Yes it is just one sentence: I adore : nadura
                                      Him      : Hu
In Maltese, God is Alla, and we say, they crucified him...
they crucified: salbu
Him (God)     : Hu
Therefore, sallbu*H*.

 I am proud enough to say that our language is very rare and special, although it is verrrrry limited, due to a very small population!  But we try our best to keep it alive!


----------



## Honour

turkish: all private nouns (nouns defining unique existance), and of course first letter of sentences are capitalized. There are some details too. For instance, when one says "how on earth you could do bla bla" there is no need to capitalize the word earth since it doesn't mean the earth in term. But when it is something "there are five continents on the earth" then it should be capitalized because this time earth refers to the earth itself in term meaning.


----------



## cyanista

@Turk: And what about *pronouns*? (It's the topic of this thread, actually.) Are they all written in lower case as Ucuca said? Or are there exceptions?
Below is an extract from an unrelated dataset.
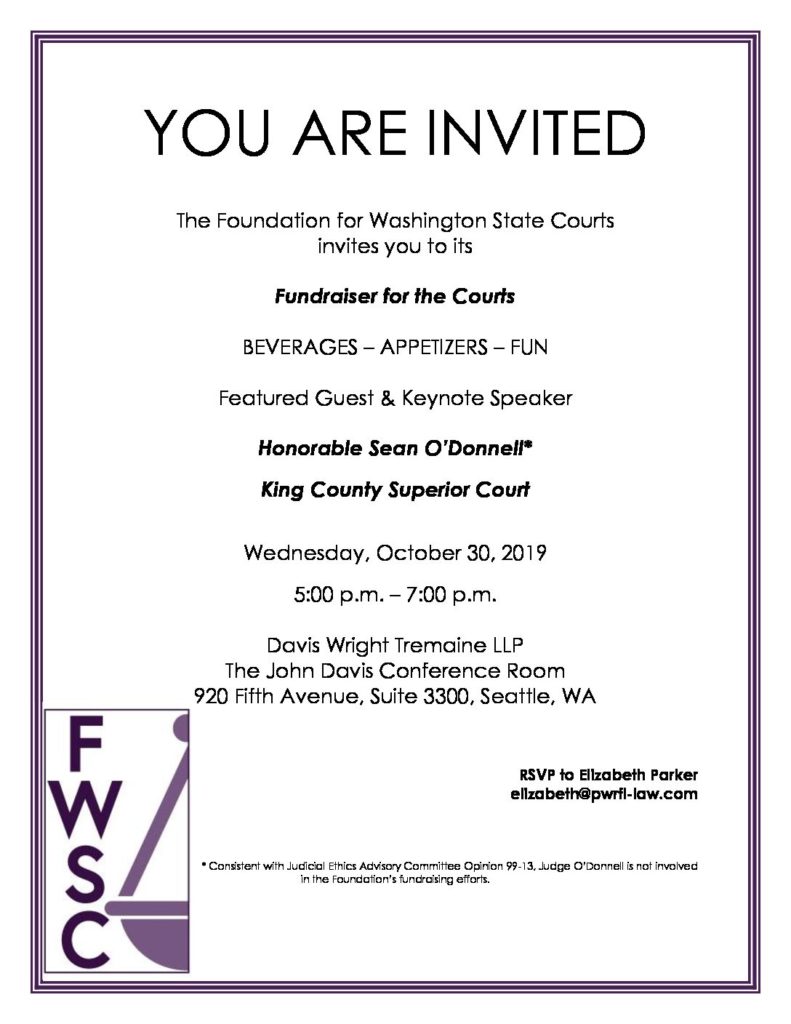 The Foundation for Washington State Courts invites you to our Fundraiser for the Courts to be held on Wednesday, October 30th from 5-7 p.m.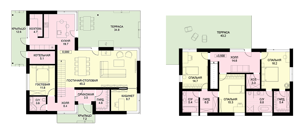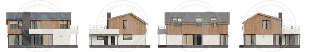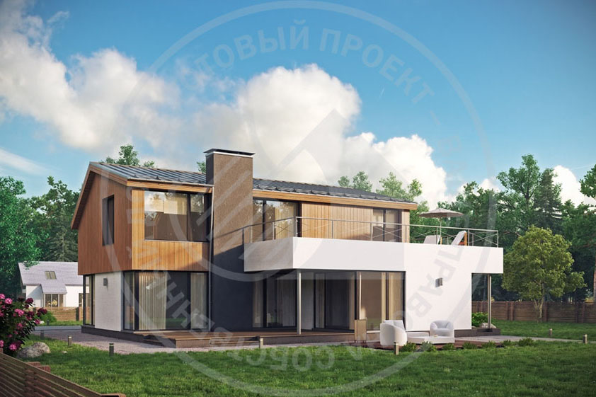 Данный проект создан на основе проекта 3048-0. Сохраняя те же объемно-планировочные решения L-3048-0 , предлагает другой, более экономичный вариант фасадной отделки, и традиционную открытую водосточную систему. Стены второго этажа зашиты вертикальной доской различной ширины, что создает дополнительную декоративность и оригинальность. Светлая штукатурка нижнего яруса придает легкость и цельность композиции дома. Кухня и хозяйственная зона, расположенные в выступающем объеме, зонированы по отношению к гостиной. Светлый лестничный холл с выходом на обширную террасу можно частично закрыть с помощью складных навесов-маркиз. Две детские имеют общий санузел и гардеробную, что экономит пространство и делает планировку максимально эффективной. Хозяйская зона включает в себя просторный приватный санузел с карнизным окном и гардеробную

@kriumif: I'm putting Maltese on my to-learn list! Unfortunately, it's already half a mile long.


----------



## kota

Thanks, cyanista,
On the pronouns, please!

More so on reference to God. 
Does everybody capitalize when it comes to God?
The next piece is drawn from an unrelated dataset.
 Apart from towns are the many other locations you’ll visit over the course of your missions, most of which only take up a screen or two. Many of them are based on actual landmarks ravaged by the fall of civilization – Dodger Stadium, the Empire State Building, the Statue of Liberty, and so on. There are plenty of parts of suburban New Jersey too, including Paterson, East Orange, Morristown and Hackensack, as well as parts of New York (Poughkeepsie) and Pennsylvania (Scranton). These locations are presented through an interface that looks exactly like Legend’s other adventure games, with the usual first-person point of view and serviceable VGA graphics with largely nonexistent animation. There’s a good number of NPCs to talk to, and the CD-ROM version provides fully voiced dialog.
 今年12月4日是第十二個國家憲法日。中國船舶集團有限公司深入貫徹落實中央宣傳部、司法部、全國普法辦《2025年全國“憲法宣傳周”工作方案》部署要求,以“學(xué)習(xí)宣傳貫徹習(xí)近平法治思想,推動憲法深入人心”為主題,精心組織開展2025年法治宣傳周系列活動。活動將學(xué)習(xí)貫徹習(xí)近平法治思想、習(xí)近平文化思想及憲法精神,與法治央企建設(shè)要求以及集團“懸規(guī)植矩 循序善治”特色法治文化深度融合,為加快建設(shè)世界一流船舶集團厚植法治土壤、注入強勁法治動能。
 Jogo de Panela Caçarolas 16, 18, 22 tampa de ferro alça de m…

There are languages that capitalize all pronouns and I was saying that there would be no difference then when "He" is capitalized in the middle of a sentence when it comes to God. 

In other words, some langauges take care to make a difference, like the Maltese.


----------



## ivanbcn

In Italian you should capitalise the formal *Lei* and all the derived forms (*Le* and *Suo/a/oi/e,* but if you do not do it, it's not a big problem, it depends on how formal you want to be, in a letter for example):

Vorrei chieder*Le* ...
(I would like to ask *you* - formal- ...)
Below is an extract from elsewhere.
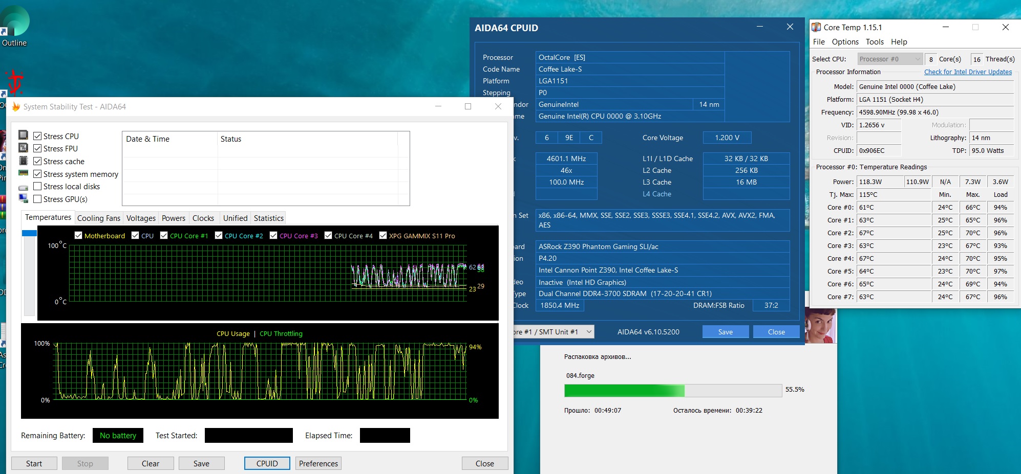 Други, доброго дня. Помогите пожалуйста настроить вольтаж для 8700k на z390 Extreme 4. Bios 4.30, проц скальпирован, память Crucial Ballistix BL16G32C16U4B 16x2. Взял все настройки из шапки, выставил множитель 47 на камень и 43 на кэш. Настройки напряжения пробовал и с "-" оффсетом и в авто - напруга VID улетает за 1,4. К сожалению не силен в нюансах питания процессора - цель найти компромисс между производительностью и напряжением. В идеале хотелось чтобы в простое напруга падала, а в нагрузке оставалсь в рамках приличия. Скрины из HWiNFO64 и прочее сделаю.

... come da *Sua* richiesta, *Le* invio ....
(... as for *your *request, I send *you *- formal - )

There are two other formal pronouns (less used) *Loro* And *Voi *(with the adjective form *Vostro/a/i/e*), that should be capitalised in formal writing.


----------



## kriumif

kota said:
			
		

> Thanks, cyanista,
> On the pronouns, please!
> 
> More so on reference to God.
> Does everybody capitalize when it comes to God?
> 
> There are languages that capitalize all pronouns and I was saying that there would be no difference then when "He" is capitalized in the middle of a sentence when it comes to God.
> 
> In other words, some langauges take care to make a difference, like the Maltese.


 
yes, that's it. Well guess the Italians do so too.


----------



## Honour

cyanista said:
			
		

> @Turk: And what about *pronouns*? (It's the topic of this thread, actually.) Are they all written in lower case as Ucuca said? Or are there exceptions?



ah yes,  almost all pronouns are written in lowercase. Just the ones in third singular form referring to god and historically important and respectful personalities are capitalized and any suffixes added are separated with an apostrophe. (this is a rule of turkish grammar)


----------



## kriumif

yes, exactly  Maltese and Turkish, although not the same in calligraphy have similar rules. We do not follow the Italians in respect to capitalising in the following circumstance:

Italian : Siamo italiani. [we are Italian]
Maltese : Ahna Maltin. [we are Maltese]


----------